### STORED DATA
----

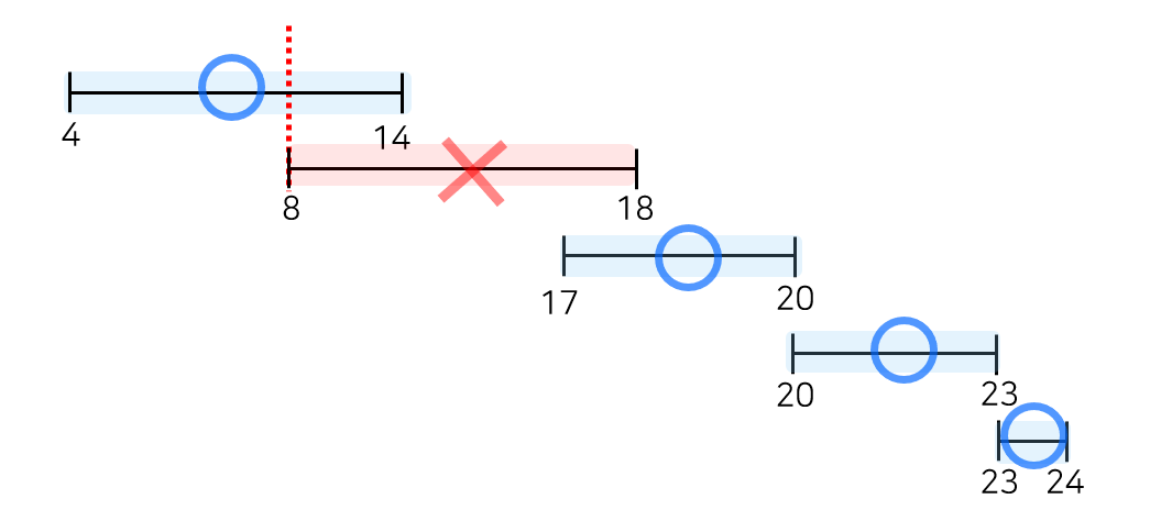 8์ฒ๋ผ ํ์ฌ ์์์๊ฐ์ด ์ ํ์ฐจ์ ์ข ๋ฃ์๊ฐ(14)๋ณด๋ค ์์ผ๋ฉด(๊ฒน์น๋ฉด) ์นด์ดํ ํ์ง ์๊ณ ,
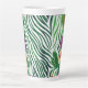 The picture shows a lively mosaic of lush Monstera leaves in lush green and yellow, combined with magnificent purple and orange flowers that stand out against a dynamic, wave-like background. It radiates a wild, tropical energy and a joyful abundance, which awakens curiosity and a natural connection.
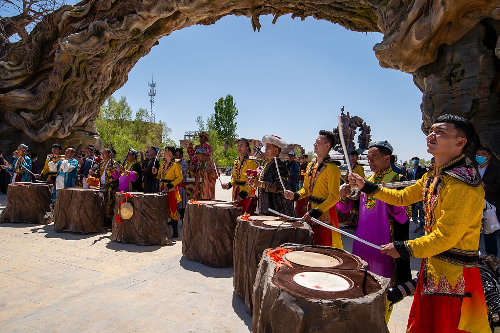 在新疆喀什,维吾尔族民间艺人正在演奏传统音乐。(图源:视觉中国)
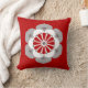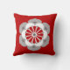 Japanese mandala design throw pillow that depicts a stylized lotus flower, symbolizing purity, spiritual awakening and faithfulness - flower in silver grey / grey, red and white, on a dark Chinese red background

----

### PROMPT
Your copy should match the data above exactly, apart from the pictures.

### COMPLETED TASK
 8์ฒ๋ผ ํ์ฌ ์์์๊ฐ์ด ์ ํ์ฐจ์ ์ข ๋ฃ์๊ฐ(14)๋ณด๋ค ์์ผ๋ฉด(๊ฒน์น๋ฉด) ์นด์ดํ ํ์ง ์๊ณ ,
 The picture shows a lively mosaic of lush Monstera leaves in lush green and yellow, combined with magnificent purple and orange flowers that stand out against a dynamic, wave-like background. It radiates a wild, tropical energy and a joyful abundance, which awakens curiosity and a natural connection.
 在新疆喀什,维吾尔族民间艺人正在演奏传统音乐。(图源:视觉中国)
 Japanese mandala design throw pillow that depicts a stylized lotus flower, symbolizing purity, spiritual awakening and faithfulness - flower in silver grey / grey, red and white, on a dark Chinese red background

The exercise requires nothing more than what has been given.